Solving the knapsack problem
It might be surprising, but in this article, I would like to talk about the knapsack problem, the classic optimisation problem that has been studied for over a century. According to Wikipedia, the problem is defined as follows:
Given a set of items, each with a weight and a value, determine which items to include in the collection so that the total weight is less than or equal to a given limit and the total value is as large as possible.
While product analysts may not physically pack knapsacks, the underlying mathematical model is highly relevant to many of our tasks. There are numerous real-world applications of the knapsack problem in product analytics. Here are a few examples:
- Marketing Campaigns: The marketing team has a limited budget and capacity to run campaigns across different channels and regions. Their goal is to maximize a KPI, such as the number of new users or revenue, all while adhering to existing constraints.
- Retail Space Optimization: A retailer with limited physical space in their stores seeks to optimize product placement to maximize revenue.
- Product Launch Prioritization: When launching a new product, the operations team’s capacity might be limited, requiring prioritization of specific markets.
Such and similar tasks are quite common, and many analysts encounter them regularly. So, in this article, I’ll explore different approaches to solving it, ranging from naive, simple techniques to more advanced methods such as linear programming.
Another reason I chose this topic is that linear programming is one of the most powerful and popular tools in prescriptive analytics — a type of analysis that focuses on providing stakeholders with actionable options to make informed decisions. As such, I believe it is an essential skill for any analyst to have in their toolkit.
Case
Let’s dive straight into the case we’ll be exploring. Imagine we’re part of a marketing team planning activities for the upcoming month. Our objective is to maximize key performance indicators (KPIs), such as the number of acquired users and revenue while operating within a limited marketing budget.

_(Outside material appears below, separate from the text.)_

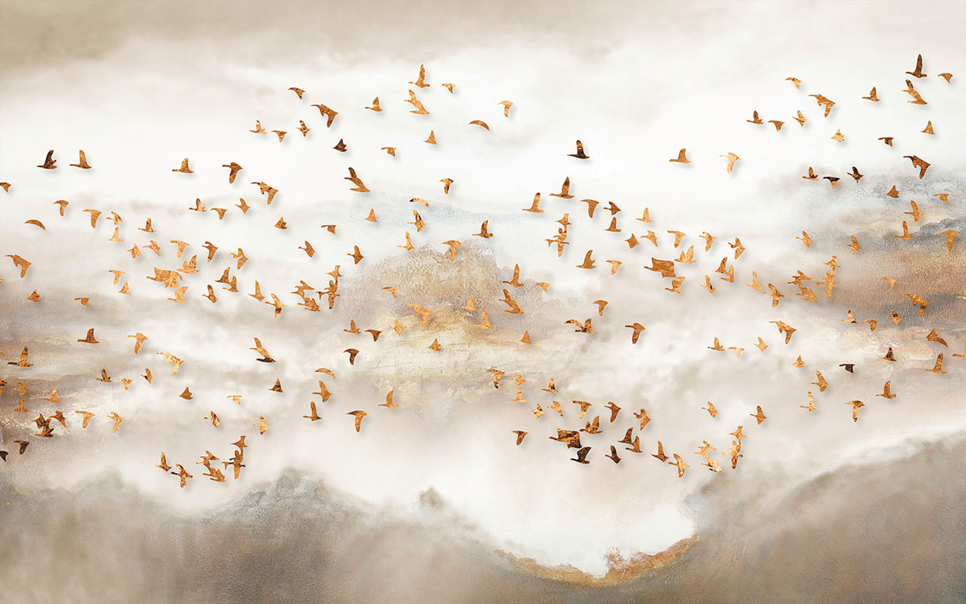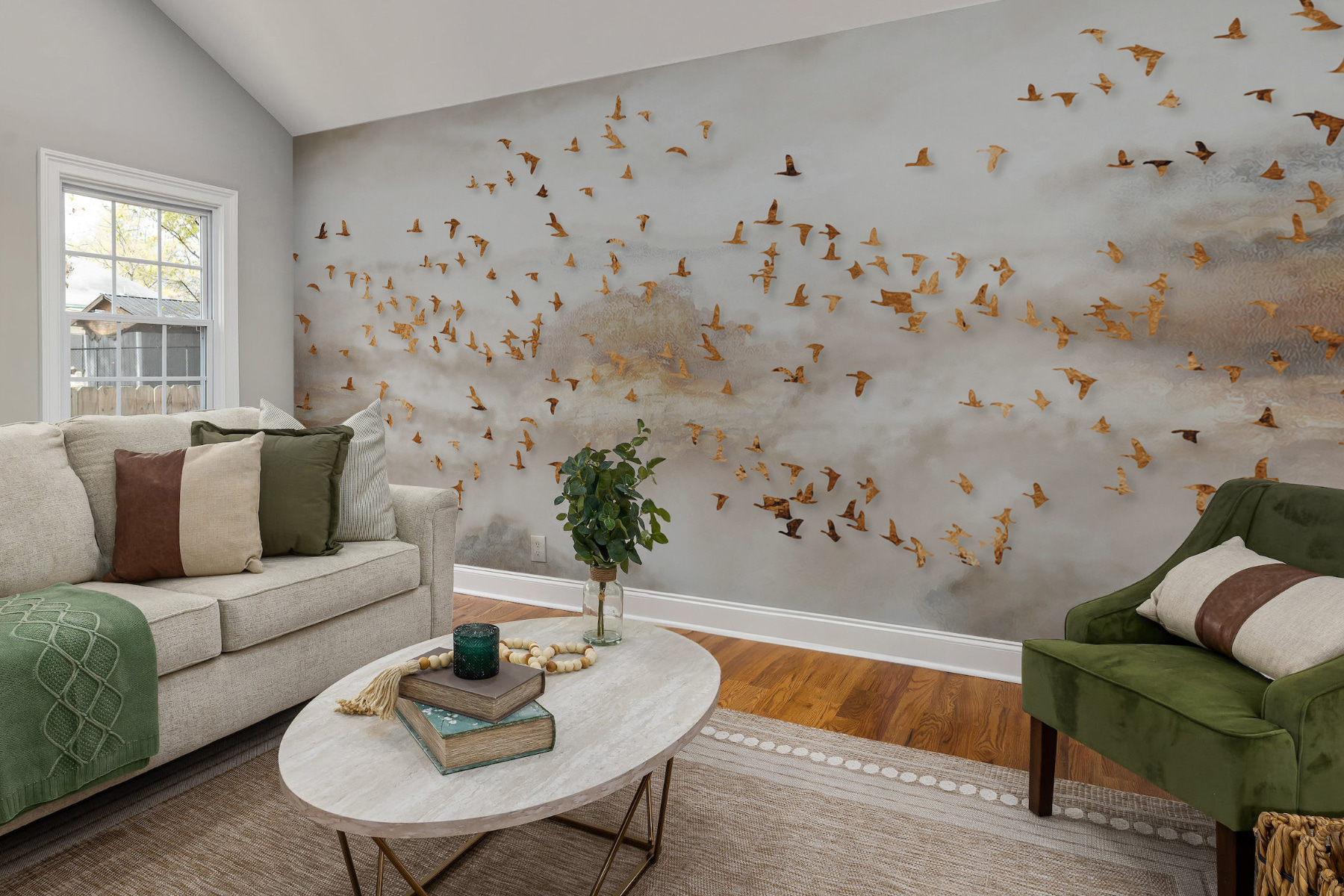 Transforme cualquier habitación en una escapada serena con este impresionante mural de pared de un grupo de pájaros volando por un cielo de ensueño. Los colores suaves y los graciosos pájaros crean una atmósfera que se siente tranquila y edificante, como una brisa fresca en un día de primavera. Imagínese tomando un café por la mañana o relajándose después de un largo día mientras contempla esta cautivadora escena. Te atrae, te hace soñar despierto y te cuenta historias. Además, añade un toque chic a cualquier espacio, ya sea un acogedor salón o un tranquilo dormitorio. ¿A quién no le gustaría sentirse como si estuviera volando por las nubes?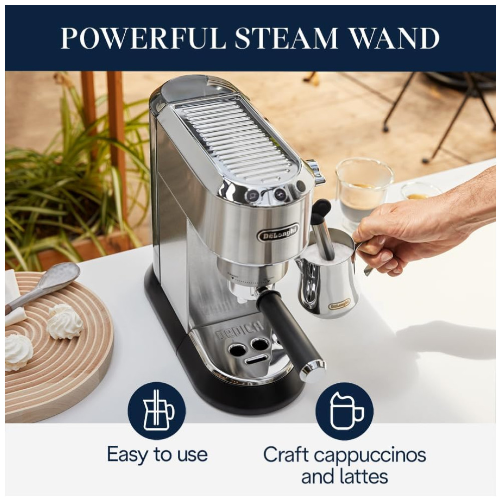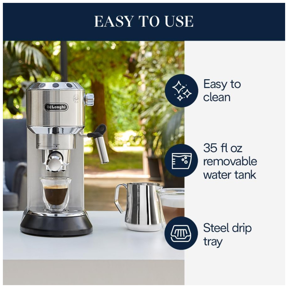 FÁCIL DE USAR A máquina faz a maior parte do trabalho para você. O recurso de parada automática de fluxo dispensa apenas a quantidade certa de café expresso, enquanto mantém a temperatura ideal de infusão.

We’ve estimated the expected outcomes of various marketing activities across different countries and channels. Here is the data we have:
- country — the market where we can do some promotional activities;
- channel — the acquisition method, such as social networks or influencer campaigns;
- users — the expected number of users acquired within a month of the promo campaign;
- cs_contacts — the incremental Customer Support contacts generated by the new users;
- marketing_spending — the investment required for the activity;
- revenue — the first-year LTV generated from acquired customers.
Note that the dataset is synthetic and randomly generated, so don’t try to infer any market-related insights from it.
First, I’ve calculated the high-level statistics to get a view of the numbers.
Let’s determine the optimal set of marketing activities that maximizes revenue while staying within the $30M marketing budget.
Brute force approach
At first glance, the problem may seem straightforward: we could calculate all possible combinations of marketing activities and select the optimal one. However, it might be a challenging task.
With 62 segments, there are 2⁶² possible combinations, as each segment can either be included or excluded. This results in approximately 4.6*10¹⁸ combinations — an astronomical number.
To better understand the computational feasibility, let’s consider a smaller subset of 15 segments and estimate the time required for one iteration.
import itertools
import pandas as pd
import tqdm
# reading data
df = pd.read_csv('marketing_campaign_estimations.csv', sep = 't')
df['segment'] = df.country + ' - ' + df.channel
# calculating combinations
combinations = []
segments = list(df.segment.values)[:15]
print('number of segments: ', len(segments))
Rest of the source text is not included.